The Story
Why it exists.
The beginning
Jacques Cavallier-Belletrud didn't reach for the usual aquatic cues in 2005. Instead, he went to the Mediterranean itself, its salt-kissed grasses, its mineral shallows, its weathered shoreline. AQVA Pour Homme translates that coast into something wearable, built from Neptune grass and santolina rather than the synthetic marine accords flooding the market at the time. The name says water. The fragrance says something deeper: mineral amber and clary sage as the foundation, anchoring the aquatic freshness in actual earth.

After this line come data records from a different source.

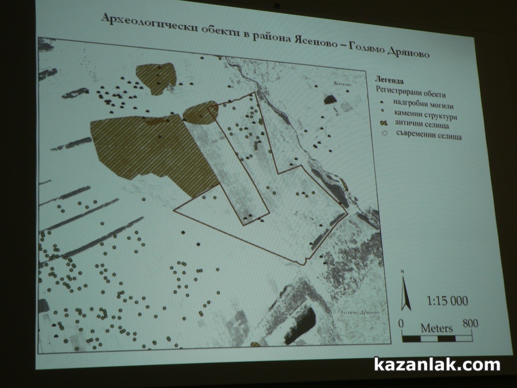 Огромен некропол от времето на разцвета на траките бе открит при проучвания между селата Ясеново и Голямо Дряново. При отбелязване на обектите с археологическа стойност на картата, в четириъгълника Ясеново-Скобелево-Горно Сахране-Голямо Дряново бяха маркирани около 350-400 обекта, които представляват интерес за археолозите. Проучването бе направено по искане на фирмата „Би Си Ай“, която ще разположи фотоволтаична централа в региона. Екип от археолози от София и казанлъшкия Исторически музей проучиха целия регион, като бяха разкопани 4 могили. При разкопките са намерени 7 човешки скелета. При едно от погребенията има добре запазен скелет с разположени предмети до него. Предполага се, че скелетът е бил на войн с висш ранг, като в ляво от него е намерено копие, а в дясно - местна амфора и чаша с две дръжки. Мъжът е бил с приблизителен ръст 180 сантиметра. Няколко от другите скелети са били с разпръснати кости, което е също част от традициите в древността. Проученият регион е бил с площ 1400 декара, като всички открития са описани с голяма точност и фирма „Би Си Ай“ може да започне строежа на парка, който е с мощност 50 Мегавата. При разкопките са открити още монета от 1876 година и монета от времето на император Комод. Датировката на скелета на войн показва, че погребението е извършено във втората половина на 4 век преди Христа.
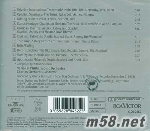 亂世佳人 電影原聲(m58.net) 作為好萊塢歷史上最重要的經(jīng)典影片之一,《亂世佳人》無疑已成為電影史上的一件珍貴瑰寶,數(shù)幾十年來一直是影迷票選中最受歡迎的一部影片。根據(jù)瑪格麗特.米契爾的暢銷名著《飄》(Gone With The Wind)改編而成。 本片的作曲由第一座奧斯卡配樂獎的得主馬克斯.斯坦納(Max Steiner)擔(dān)任。這部史詩巨片長達3小時45分,配樂共發(fā)展出11個主題,99段音樂,其中不少音樂參考了美國民謠之父史蒂文.福斯特采集的南方民謠,其中,女主人翁郝思嘉站在大樹下期盼明天的畫面,配合了雄壯的主題音樂,將"土地不死"的精神發(fā)揮得淋漓盡致。此版本于74年由奧地利國家愛樂交響樂團演奏,RCA Victor唱片公司發(fā)行,89年在紐約用杜比環(huán)繞音效錄制完成。溫馨感人,宏偉瑰麗,氣勢萬千的史詩樂章,絕佳的錄音再一次烙印在影迷的心中。
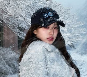 아이브 장원영이 쏟아지는 눈발 사이에서도 빛나는 미모를 뽐냈다.
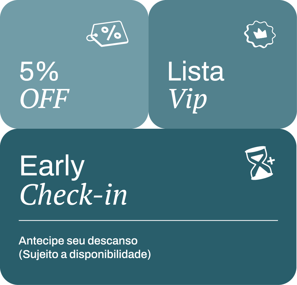 Ao se cadastrar, você já começa aproveitando benefícios especiais e, quanto mais se hospedar, mais vantagens poderá desbloquear em suas próximas estadias. Cadastre-se gratuitamente e aproveite benefícios exclusivos em todas as suas hospedagens Laghetto.

The use of Neptune grass sets this apart from the generic aquatics of its era. Rather than relying on synthetic marine molecules, Bvlgari incorporated an actual marine material, Posidonia oceanica, the seagrass that drifts onto Mediterranean shores. Paired with santolina and clary sage, the result is a coastal character that reads as herbal and mineral rather than salty and synthetic. Mineral amber then grounds everything, giving the composition weight that most aquatics sacrifice for brightness.
The evolution
The opening reads bright for the first 30 minutes as mandarin and petitgrain give way to Neptune grass and santolina. That's the heart, 3-4 hours of coastal atmosphere on most skin. Then mineral amber and clary sage arrive. That's the foundation that carries the next 3-4 hours on most skin. On fabric, the mineral notes linger another 1-2 hours after the rest has faded.
Cultural impact
AQVA Pour Homme positioned itself as a refined alternative to mass-market aquatics when it launched in 2005. Rather than chasing the synthetic marine trend of that era, it used mineral amber and clary sage to give depth, appealing to men who wanted aquatic freshness without the shower-gel association.